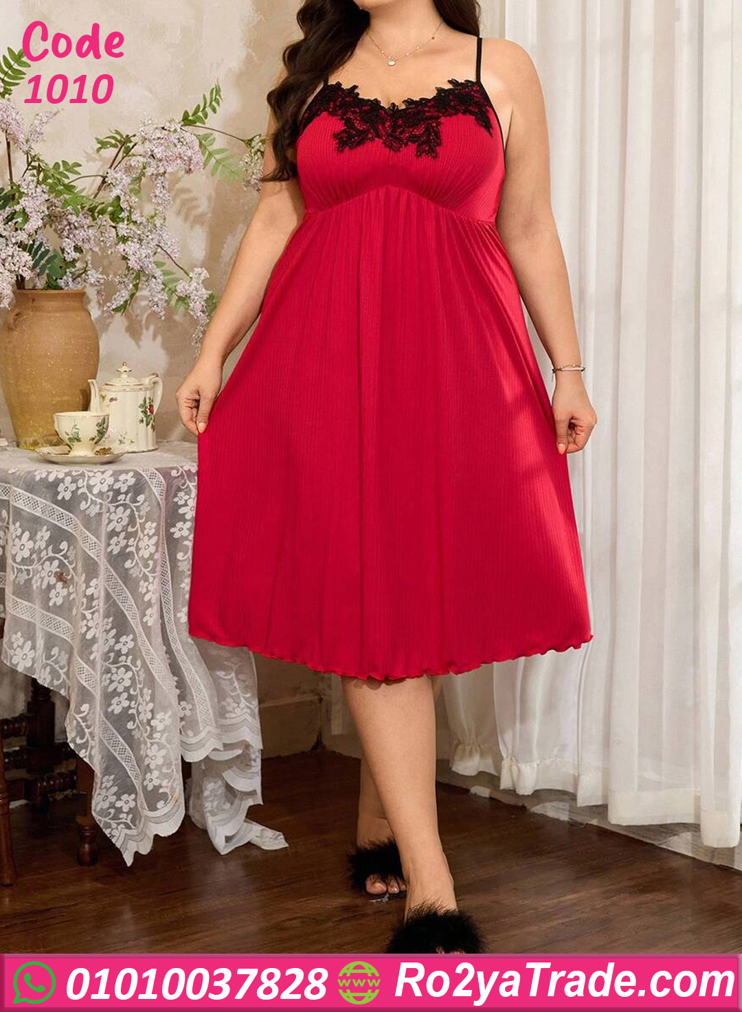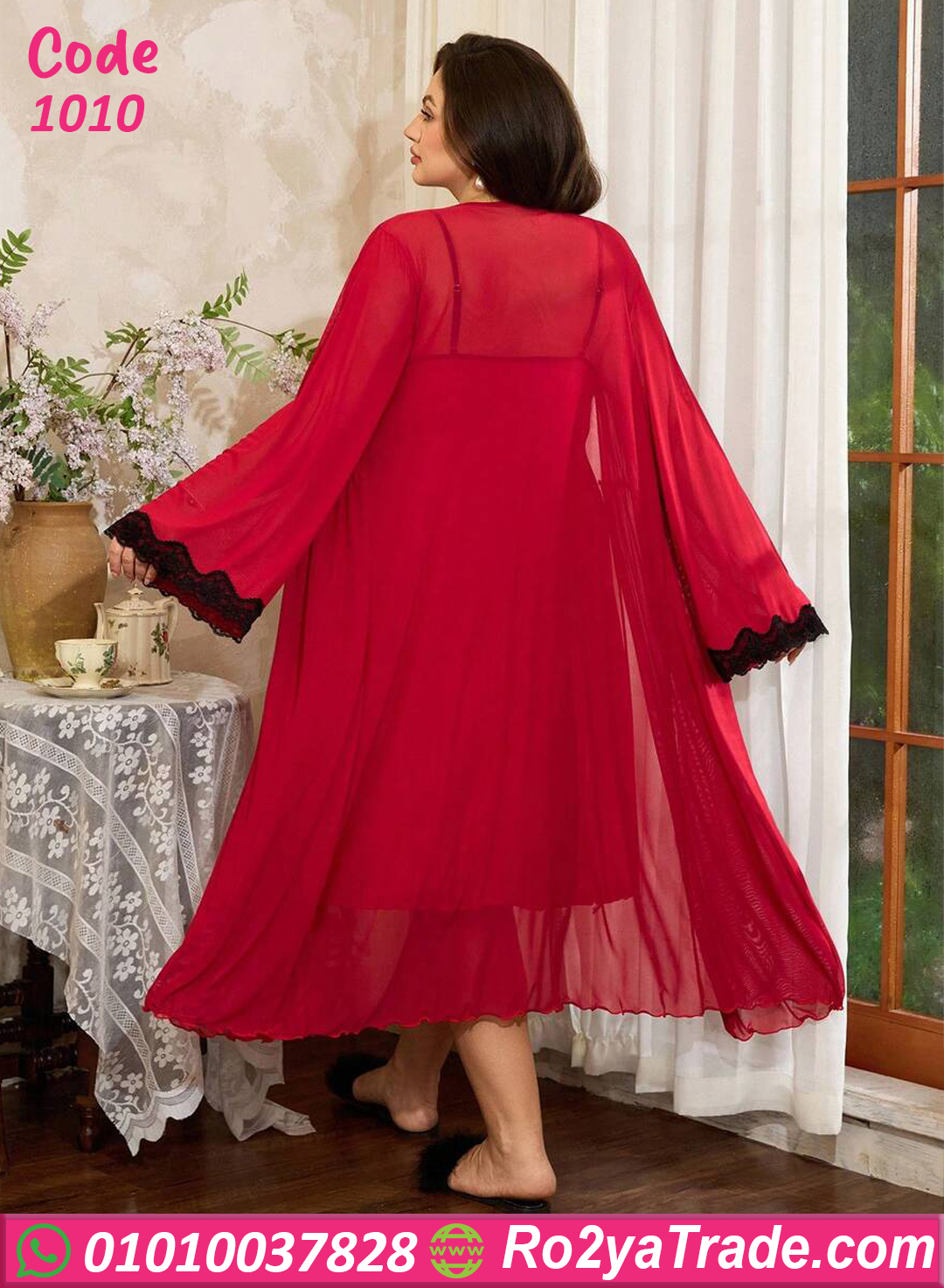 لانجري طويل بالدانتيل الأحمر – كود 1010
* * *
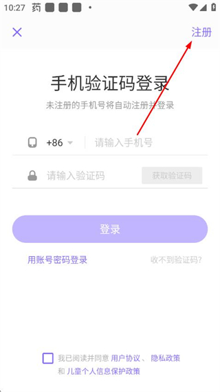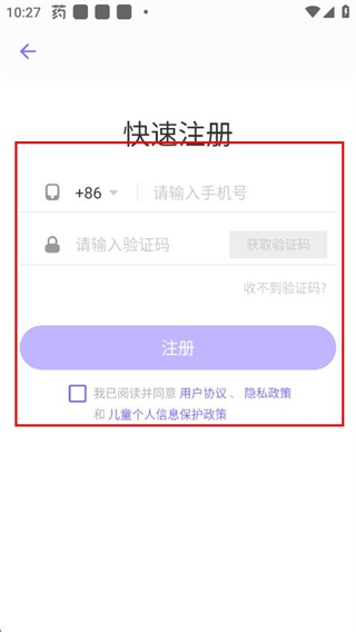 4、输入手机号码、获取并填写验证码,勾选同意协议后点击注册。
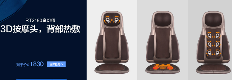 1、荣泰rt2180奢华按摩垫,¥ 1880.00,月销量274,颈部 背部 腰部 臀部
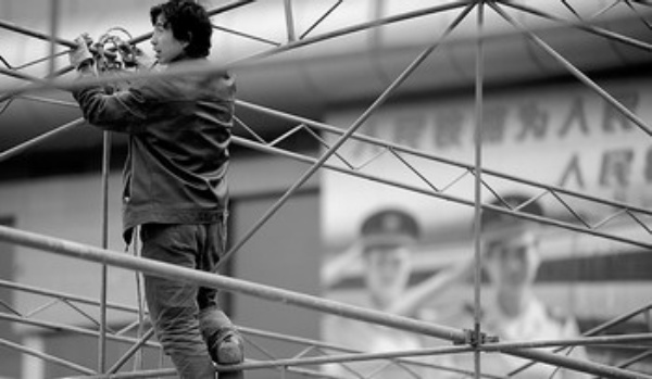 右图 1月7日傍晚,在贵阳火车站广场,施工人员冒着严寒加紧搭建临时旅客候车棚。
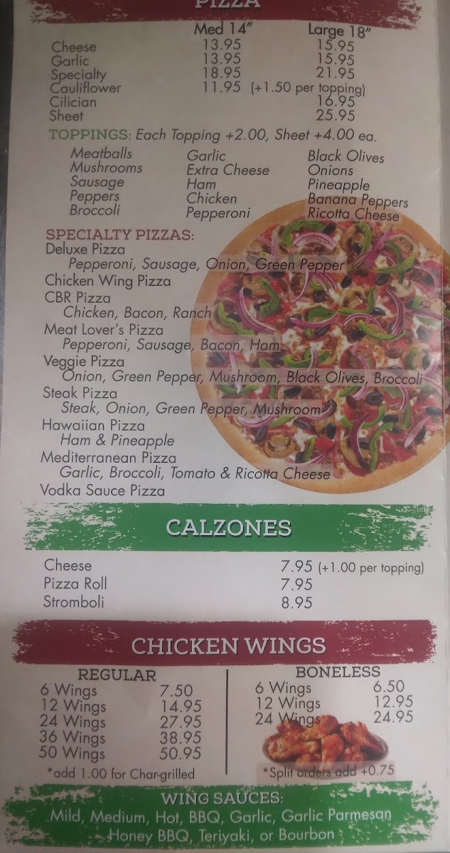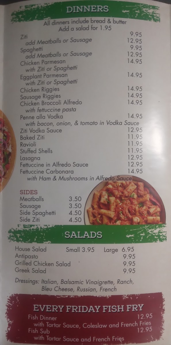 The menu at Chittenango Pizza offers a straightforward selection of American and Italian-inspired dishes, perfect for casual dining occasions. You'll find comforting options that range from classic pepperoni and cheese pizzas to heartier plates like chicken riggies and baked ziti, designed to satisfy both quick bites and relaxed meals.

## What needs to be done
Write back word for word every line in the entries above from the one with "1、荣泰rt2180奢华按摩垫,¥ 1880.00,月销量274,颈部 背部 腰部 臀部" to the one with "The menu at", ends included, and none of the pictures.

## The answer
 1、荣泰rt2180奢华按摩垫,¥ 1880.00,月销量274,颈部 背部 腰部 臀部
 右图 1月7日傍晚,在贵阳火车站广场,施工人员冒着严寒加紧搭建临时旅客候车棚。
 The menu at Chittenango Pizza offers a straightforward selection of American and Italian-inspired dishes, perfect for casual dining occasions. You'll find comforting options that range from classic pepperoni and cheese pizzas to heartier plates like chicken riggies and baked ziti, designed to satisfy both quick bites and relaxed meals.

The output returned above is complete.